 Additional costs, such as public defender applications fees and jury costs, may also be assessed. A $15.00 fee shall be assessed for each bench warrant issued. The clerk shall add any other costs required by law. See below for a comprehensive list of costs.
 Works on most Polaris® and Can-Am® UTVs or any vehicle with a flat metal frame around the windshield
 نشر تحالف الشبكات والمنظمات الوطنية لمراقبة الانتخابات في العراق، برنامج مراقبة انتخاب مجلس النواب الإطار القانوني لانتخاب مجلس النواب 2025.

———

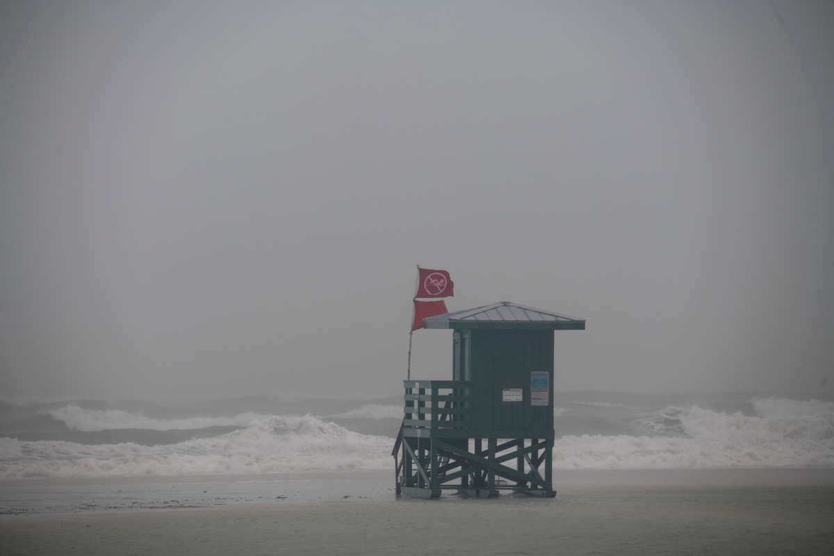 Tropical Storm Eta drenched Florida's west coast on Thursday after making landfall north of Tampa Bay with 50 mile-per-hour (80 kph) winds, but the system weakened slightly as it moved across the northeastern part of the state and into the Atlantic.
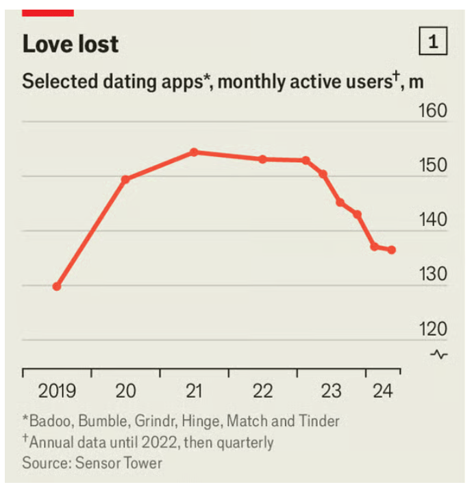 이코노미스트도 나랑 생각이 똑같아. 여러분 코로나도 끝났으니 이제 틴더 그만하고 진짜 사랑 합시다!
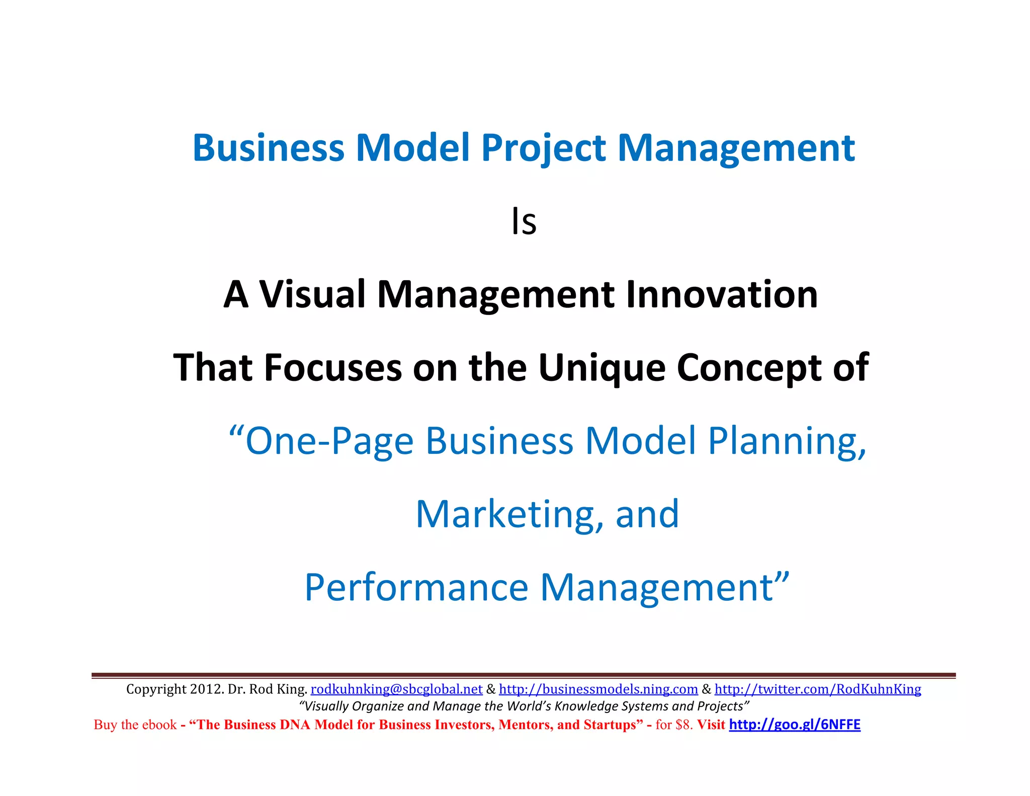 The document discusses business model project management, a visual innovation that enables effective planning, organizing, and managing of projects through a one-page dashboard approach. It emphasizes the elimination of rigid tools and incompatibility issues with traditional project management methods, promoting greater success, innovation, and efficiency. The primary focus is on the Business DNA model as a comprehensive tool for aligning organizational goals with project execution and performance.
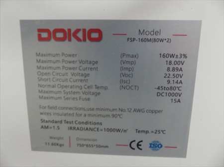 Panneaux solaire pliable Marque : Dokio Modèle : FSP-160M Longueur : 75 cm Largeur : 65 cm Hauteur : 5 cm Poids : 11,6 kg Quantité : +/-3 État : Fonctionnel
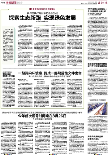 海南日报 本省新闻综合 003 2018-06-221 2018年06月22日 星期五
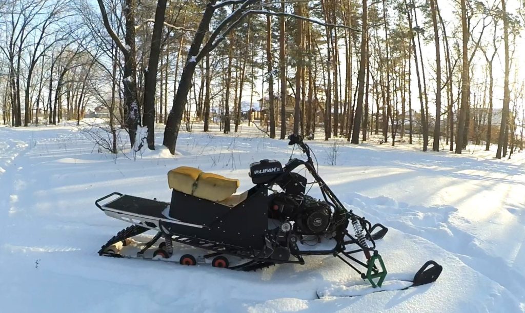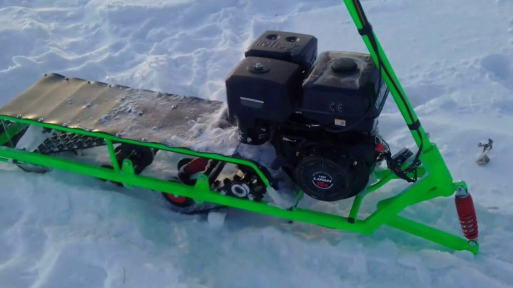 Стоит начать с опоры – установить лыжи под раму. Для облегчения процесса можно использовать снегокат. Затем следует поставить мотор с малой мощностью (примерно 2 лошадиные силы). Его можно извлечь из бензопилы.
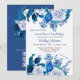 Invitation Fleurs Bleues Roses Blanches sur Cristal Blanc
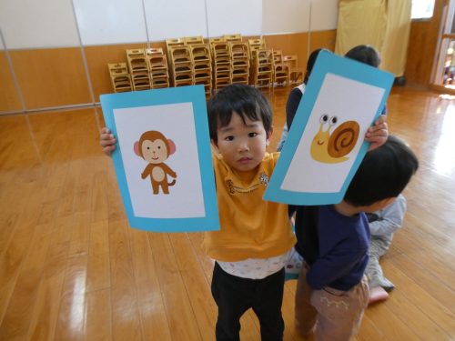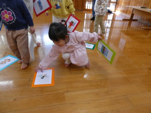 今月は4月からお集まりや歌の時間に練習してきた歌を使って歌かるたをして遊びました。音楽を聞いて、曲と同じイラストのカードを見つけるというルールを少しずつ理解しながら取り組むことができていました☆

———

Task to complete:
From the listing above, repeat exactly the lines starting at the line that includes "Additional costs, such" and ending at the line that includes "نشر تحالف الشبكات", with nothing outside that span.

Solution to this exercise:
 Additional costs, such as public defender applications fees and jury costs, may also be assessed. A $15.00 fee shall be assessed for each bench warrant issued. The clerk shall add any other costs required by law. See below for a comprehensive list of costs.
 Works on most Polaris® and Can-Am® UTVs or any vehicle with a flat metal frame around the windshield
 نشر تحالف الشبكات والمنظمات الوطنية لمراقبة الانتخابات في العراق، برنامج مراقبة انتخاب مجلس النواب الإطار القانوني لانتخاب مجلس النواب 2025.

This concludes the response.